Four and a half stars

YASUAKI ONISHI: PERMEATING LANDSCAPE Through October 27; daily, 10 a.m.- 7 p.m.; $5-$10. Bellagio Gallery of Fine Art, 702-693-7871.

Polyurethane sheeting finally has its moment! That humble material, used by painters to prevent spills and builders to keep down dust, becomes a living, breathing colony of 12 jumbo blimpies in Yasuaki Onishi’s Permeating Landscape at the Bellagio Gallery of Fine Art.

The sheeting pulses, plops, floats, stretches and shimmies. One cylinder rises from its perch and hovers near the ceiling, catching the light and throbbing like an alien bio-morph. Another gives up the ghost, deflates and rests flat and forsaken on the floor, a sad and wrinkled reminder of its former buoyant self. Then a gently whirring motor fans air into the casing and it rises again to bob among fellow blobs, seemingly animate and weirdly calming. Watching these things is almost as good as setting the meditation timer to an hourlong session.

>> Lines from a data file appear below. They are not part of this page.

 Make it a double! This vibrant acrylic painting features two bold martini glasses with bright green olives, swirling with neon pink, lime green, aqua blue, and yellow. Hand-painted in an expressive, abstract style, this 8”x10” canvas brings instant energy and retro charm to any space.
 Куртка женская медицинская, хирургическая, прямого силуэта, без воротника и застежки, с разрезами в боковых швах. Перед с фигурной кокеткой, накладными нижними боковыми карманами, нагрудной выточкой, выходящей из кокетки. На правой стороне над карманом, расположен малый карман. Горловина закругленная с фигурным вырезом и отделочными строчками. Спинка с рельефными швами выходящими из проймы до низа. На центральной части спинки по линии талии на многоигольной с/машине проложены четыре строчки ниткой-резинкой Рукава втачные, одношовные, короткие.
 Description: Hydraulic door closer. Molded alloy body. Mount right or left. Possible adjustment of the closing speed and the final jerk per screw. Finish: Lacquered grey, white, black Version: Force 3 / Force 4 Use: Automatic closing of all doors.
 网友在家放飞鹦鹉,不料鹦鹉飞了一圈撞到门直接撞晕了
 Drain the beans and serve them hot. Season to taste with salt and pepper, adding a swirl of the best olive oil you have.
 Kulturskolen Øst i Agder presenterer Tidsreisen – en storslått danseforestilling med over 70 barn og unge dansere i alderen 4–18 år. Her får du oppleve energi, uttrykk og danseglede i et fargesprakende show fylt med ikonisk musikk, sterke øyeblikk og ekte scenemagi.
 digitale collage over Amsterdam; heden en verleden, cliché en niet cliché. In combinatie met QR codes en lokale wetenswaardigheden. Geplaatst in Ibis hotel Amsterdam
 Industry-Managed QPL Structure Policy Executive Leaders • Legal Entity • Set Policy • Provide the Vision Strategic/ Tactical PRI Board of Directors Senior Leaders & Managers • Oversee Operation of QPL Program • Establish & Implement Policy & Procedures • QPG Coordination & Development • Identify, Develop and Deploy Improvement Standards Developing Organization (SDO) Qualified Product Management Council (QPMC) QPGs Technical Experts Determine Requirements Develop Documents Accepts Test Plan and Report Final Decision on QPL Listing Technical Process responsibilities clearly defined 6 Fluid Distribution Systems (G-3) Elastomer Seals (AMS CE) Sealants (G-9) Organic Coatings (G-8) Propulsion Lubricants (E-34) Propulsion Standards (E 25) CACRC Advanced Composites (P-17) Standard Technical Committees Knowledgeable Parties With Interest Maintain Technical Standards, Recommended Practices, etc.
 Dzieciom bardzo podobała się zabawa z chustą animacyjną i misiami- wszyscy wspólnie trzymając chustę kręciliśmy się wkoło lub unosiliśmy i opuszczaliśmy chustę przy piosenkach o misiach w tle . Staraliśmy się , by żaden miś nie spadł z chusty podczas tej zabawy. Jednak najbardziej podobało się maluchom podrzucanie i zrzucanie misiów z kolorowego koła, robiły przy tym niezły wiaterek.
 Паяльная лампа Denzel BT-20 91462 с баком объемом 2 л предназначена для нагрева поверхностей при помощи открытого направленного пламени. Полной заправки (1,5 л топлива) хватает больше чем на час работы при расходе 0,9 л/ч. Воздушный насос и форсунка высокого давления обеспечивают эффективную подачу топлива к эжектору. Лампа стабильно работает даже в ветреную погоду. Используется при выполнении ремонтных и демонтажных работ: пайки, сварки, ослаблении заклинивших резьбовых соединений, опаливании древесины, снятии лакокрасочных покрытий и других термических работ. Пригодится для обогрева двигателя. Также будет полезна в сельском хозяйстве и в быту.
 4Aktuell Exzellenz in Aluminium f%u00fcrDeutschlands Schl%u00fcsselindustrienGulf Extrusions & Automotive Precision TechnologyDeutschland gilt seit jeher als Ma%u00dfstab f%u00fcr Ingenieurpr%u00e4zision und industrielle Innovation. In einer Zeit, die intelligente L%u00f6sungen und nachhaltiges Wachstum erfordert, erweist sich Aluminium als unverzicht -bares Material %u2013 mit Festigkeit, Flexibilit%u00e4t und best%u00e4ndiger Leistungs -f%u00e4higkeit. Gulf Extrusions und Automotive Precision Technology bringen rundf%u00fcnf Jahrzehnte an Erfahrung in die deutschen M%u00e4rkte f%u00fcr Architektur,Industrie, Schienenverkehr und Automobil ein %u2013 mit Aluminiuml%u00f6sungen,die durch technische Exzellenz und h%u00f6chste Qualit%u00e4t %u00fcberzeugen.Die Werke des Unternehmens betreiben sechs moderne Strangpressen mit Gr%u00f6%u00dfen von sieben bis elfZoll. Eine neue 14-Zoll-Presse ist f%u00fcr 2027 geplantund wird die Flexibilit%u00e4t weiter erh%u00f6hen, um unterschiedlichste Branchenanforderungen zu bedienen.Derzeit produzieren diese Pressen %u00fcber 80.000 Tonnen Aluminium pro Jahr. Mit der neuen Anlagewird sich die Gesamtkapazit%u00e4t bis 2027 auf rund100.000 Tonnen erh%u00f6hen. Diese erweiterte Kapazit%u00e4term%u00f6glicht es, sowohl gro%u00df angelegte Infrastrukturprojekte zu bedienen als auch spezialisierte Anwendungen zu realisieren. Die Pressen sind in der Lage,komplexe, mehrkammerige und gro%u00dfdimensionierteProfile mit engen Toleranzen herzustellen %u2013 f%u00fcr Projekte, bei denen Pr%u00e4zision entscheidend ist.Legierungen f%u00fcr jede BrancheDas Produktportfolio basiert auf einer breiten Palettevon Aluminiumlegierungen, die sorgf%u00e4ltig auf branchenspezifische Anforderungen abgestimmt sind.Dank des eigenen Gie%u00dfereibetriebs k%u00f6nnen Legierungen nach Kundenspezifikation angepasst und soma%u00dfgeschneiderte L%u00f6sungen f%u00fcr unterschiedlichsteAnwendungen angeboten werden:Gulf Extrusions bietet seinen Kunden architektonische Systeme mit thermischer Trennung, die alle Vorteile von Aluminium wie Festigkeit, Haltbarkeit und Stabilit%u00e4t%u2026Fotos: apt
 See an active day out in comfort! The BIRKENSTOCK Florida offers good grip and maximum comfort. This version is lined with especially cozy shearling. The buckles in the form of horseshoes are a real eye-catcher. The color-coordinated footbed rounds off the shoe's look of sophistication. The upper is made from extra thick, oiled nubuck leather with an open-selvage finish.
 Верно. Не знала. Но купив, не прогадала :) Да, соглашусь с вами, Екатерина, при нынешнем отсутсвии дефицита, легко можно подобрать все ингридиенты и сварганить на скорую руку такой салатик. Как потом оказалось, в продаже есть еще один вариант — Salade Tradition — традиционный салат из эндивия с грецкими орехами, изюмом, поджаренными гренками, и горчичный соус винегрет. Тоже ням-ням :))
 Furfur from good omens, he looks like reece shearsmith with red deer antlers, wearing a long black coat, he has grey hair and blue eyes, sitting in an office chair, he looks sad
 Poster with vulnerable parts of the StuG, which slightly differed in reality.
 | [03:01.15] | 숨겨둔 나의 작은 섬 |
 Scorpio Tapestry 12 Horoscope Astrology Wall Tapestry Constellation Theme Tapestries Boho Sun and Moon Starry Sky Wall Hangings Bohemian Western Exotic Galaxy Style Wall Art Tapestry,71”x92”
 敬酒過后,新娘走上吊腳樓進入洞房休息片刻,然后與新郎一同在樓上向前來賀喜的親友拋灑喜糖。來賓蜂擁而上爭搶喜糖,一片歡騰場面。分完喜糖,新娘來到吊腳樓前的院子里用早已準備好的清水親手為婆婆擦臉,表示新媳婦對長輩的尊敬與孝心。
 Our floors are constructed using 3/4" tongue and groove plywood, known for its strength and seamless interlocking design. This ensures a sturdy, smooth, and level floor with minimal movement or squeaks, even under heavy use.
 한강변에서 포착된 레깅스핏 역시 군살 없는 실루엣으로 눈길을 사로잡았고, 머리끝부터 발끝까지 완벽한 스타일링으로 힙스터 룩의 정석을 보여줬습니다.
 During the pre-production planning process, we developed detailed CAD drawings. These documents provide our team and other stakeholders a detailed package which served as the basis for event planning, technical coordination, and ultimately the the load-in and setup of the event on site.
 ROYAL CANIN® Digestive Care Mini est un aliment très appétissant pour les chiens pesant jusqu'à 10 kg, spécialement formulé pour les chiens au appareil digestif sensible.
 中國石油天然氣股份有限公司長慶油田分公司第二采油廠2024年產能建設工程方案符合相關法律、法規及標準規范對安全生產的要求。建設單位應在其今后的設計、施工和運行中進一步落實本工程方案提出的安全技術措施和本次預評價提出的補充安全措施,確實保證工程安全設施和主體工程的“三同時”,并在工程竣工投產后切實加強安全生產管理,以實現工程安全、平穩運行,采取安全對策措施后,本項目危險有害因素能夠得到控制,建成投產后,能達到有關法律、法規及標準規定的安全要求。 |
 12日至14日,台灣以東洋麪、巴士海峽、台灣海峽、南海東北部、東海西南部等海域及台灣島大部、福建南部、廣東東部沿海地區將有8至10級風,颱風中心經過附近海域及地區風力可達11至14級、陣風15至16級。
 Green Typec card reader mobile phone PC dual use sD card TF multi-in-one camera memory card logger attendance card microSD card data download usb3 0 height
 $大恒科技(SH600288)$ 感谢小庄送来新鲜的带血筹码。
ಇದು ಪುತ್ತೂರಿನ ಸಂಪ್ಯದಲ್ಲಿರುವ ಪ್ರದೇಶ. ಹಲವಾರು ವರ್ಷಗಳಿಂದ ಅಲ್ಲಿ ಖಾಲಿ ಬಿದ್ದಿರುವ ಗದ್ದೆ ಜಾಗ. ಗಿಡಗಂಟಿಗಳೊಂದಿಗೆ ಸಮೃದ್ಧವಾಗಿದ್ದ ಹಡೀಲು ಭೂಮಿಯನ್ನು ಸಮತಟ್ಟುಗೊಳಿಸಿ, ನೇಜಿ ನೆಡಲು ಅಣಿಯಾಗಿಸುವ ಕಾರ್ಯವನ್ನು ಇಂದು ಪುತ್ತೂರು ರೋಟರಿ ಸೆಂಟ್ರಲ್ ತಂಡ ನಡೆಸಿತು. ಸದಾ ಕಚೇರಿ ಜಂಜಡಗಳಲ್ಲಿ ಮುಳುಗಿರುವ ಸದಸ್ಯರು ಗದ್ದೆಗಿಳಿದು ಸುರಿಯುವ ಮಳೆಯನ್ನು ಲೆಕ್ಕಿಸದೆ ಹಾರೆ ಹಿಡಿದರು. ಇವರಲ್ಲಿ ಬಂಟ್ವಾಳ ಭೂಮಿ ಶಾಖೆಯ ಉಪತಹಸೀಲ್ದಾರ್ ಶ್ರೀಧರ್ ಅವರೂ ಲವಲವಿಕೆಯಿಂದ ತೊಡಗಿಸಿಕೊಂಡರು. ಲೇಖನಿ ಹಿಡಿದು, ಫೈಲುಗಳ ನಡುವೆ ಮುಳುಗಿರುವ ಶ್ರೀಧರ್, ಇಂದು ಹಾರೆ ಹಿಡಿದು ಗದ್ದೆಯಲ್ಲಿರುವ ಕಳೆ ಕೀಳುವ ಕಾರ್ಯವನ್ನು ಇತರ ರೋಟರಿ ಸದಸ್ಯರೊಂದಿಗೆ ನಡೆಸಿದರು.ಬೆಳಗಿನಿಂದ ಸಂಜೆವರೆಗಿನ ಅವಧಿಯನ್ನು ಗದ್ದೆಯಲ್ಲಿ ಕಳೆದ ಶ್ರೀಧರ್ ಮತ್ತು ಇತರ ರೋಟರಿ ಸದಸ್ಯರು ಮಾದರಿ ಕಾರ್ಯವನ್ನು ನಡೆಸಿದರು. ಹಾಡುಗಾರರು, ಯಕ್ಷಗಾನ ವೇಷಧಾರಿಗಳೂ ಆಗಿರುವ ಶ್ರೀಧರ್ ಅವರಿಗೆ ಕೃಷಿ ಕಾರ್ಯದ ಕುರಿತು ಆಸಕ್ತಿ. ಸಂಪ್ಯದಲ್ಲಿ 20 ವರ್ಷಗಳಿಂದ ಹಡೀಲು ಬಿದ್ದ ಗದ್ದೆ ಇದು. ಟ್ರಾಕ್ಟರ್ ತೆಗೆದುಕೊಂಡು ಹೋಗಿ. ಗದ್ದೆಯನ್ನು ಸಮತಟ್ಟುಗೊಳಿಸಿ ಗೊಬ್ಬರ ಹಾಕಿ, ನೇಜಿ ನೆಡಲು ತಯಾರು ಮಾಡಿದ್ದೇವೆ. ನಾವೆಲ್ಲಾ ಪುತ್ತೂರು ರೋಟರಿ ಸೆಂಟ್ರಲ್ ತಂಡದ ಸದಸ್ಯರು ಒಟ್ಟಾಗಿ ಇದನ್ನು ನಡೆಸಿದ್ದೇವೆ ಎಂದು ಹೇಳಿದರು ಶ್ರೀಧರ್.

The polyurethane “Vertical Volume” isn’t the only disarming sculpture created by BGFA’s current artist-in-residence. In the gallery’s second room, Onishi has installed a site-specific piece composed entirely of shiny brass wires, a delicate tissue of air and sparkle. Hanging from the ceiling like a neural net, the draped sculpture encourages viewers to enter an inverted landscape of peaks, troughs and crevasses. The lines and contours of the brass wires seemingly manifest planes, the void between filaments easily filling with the mind’s irascible longing for shape and mass. Instead of emptiness, the imagination perceives a mountainous landscape that isn’t there—or an organic network of intricate connections claimed by a superior organism promoting mind-meld.

Onishi’s Permeating Landscape show is premised on making the invisible visible—whether by inflating semitransparent polyurethane sacking or by suspending a suggestive wiry mesh. Rather than perpetuating the touchstones of Western sculpture, such as weight and volume, Onishi’s work engages an emptiness that’s anything but empty.

Instead of monumental figurative bronzes by Rodin or Picasso that conceal a hollow core, Onishi inverts the protocol, beginning with a disguised emptiness and materializing the form. Attention to invisibility, and to related terms of emptiness and absence, points toward the cultural influence of Buddhist and Shinto religions. Westerners don’t often get the Oneness of all things—we’re too focused on individual parts—let alone how negative space is really very full.

The 36 graphic works in the show extend Onishi’s spectral concerns to 2D media. The monochromatic “Plates of Pressures” (2019) is a tour de force of pattern and texture, in which Onishi wields a glue gun like a paintbrush, stroking metallic powder to reveal a palimpsest of snail trails or a whirling silicon vortex. In “Darkness Thing” and “Grind and Roll” (2015), Onishi moves a steel frame from foreground to background, grinding it in a long exposure so that the sparks become a fiery portal of infinite reckoning surrounded by eerie fluorescent vegetation. The earlier polychromic series, “Drawing” (2007), is less successful, veering away from an uncanny intuition for materials toward the pleasant pursuits of Japanese Pop, the bright pastel colors siphoning away oomph.

Onishi is at his best when he cues what isn’t there. When it comes to manifesting invisibility, he’s a master.